The notice was triggered by the company’s average market capitalisation failing to exceed $50mm for 30 consecutive trading days. A the same time, the firm’s last reported stockholders’ equity was also less than $50mn.
The firm’s market cap currently sits just below $12m as valuation has decreased amid concerns for mounting inventory and dwindling cash reserves. But Lightning stresses that “the notice has no immediate effect on the listing of the company’s common stock on the NYSE, subject to the company’s compliance with the NYSE’s other continued listing requirements”.
The company’s line-up of products includes Class 3 cargo and passenger vans, Class 4 and 5 cargo vans and shuttle buses, Class 6 work trucks, Class 7 city buses, and Class 8 motor coaches.
Despite the company largely targeting Class 4 and above, a segment eligible for the most lucrative tax credit incentives under the Inflation Reduction Act (IRA), company CEO and founder Timothy Reeser in fact blames the incentive legislation for sluggish sales performance.

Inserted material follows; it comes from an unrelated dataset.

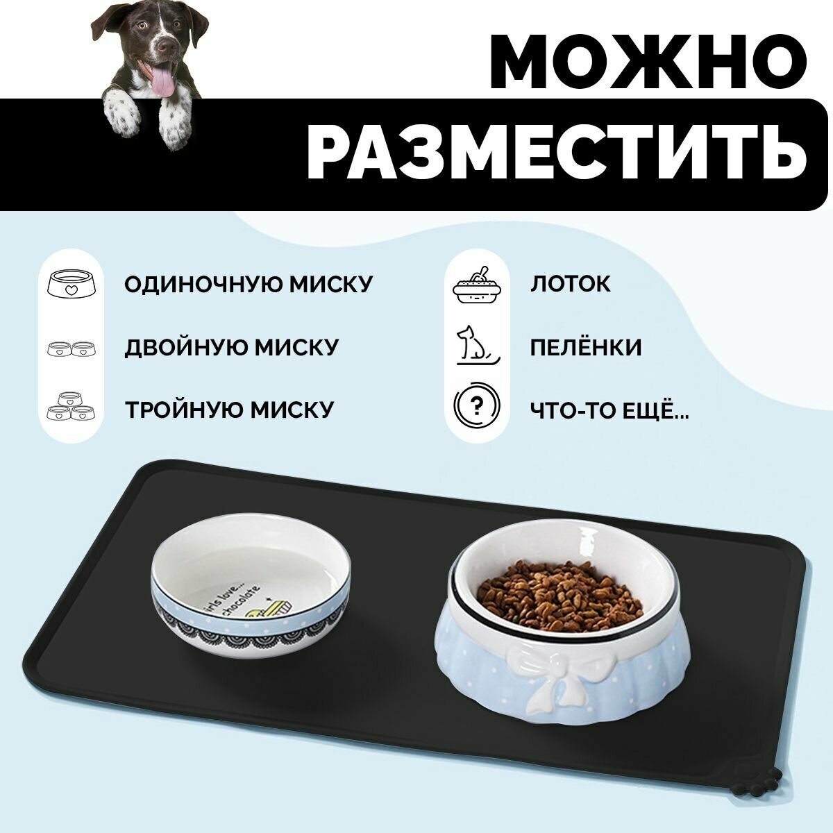 Коврик силиконовый (нескользящий) с бортиками под миску, лоток и поилку для животных черный 48х30 см. интересное:

“These new incentives and the associated cumbersome application and award processes have elongated the sales cycle due to lack of definition and extended award timing,” Reeser said at the firm’s Q2 results.
Lightning’s share price hit a year-to-date peak of at $20.20 in February, but in recent weeks company stock has traded at around $2 per share, a year-to-date decline of 77.4pc.
Despite his frustration with delays owing to red tape, Reeser still echoes the sentiments of other commercial vehicle manufacturing executives in identifying Class 4 as a “sweet spot” under the IRA. Class 4 is the threshold for vehicles being eligible for a $40,000 tax credit, compared to only $7,500 made available for smaller vehicles.
“I think one of the reasons we have spent a lot of time focusing on Class 4[…] is the incentives landscape with both IRA and FTA, and EPA all combining together for that Class 4 product,” Reeser said at Q2 results.
“The other thing is our Class 4 product is quite utilitarian in the sense that it can be a school bus, it can be a shuttle bus and it can be a work truck, so it is a unique product in that sense,” he continued.
Despite healthy demand in the company’s main market segment, Lightning’s production stumbled in the second quarter of this year, with the company producing only 46 units, including both vehicles and powertrains, down from 53 units in the first quarter, Its best performing quarter ever has still only seen it produce 74 units.
The firm was hit this year by problems involving a recall of faulty batteries made by manufacturer Romeo, which is currently being liquidated by Arizona-based HDV manufacturer Nikola. Inventory has mounted up to $57mn, up to $25mn of which is expected to be sold off in the second half of the year, according to company CFO David Agatston.
Concerns about dwindling liquidity have also surrounded the company, as it admitted that it was searching for funding options to take it beyond 2024, after reporting only $12mn in cash and cash equivalents at the end of the second quarter.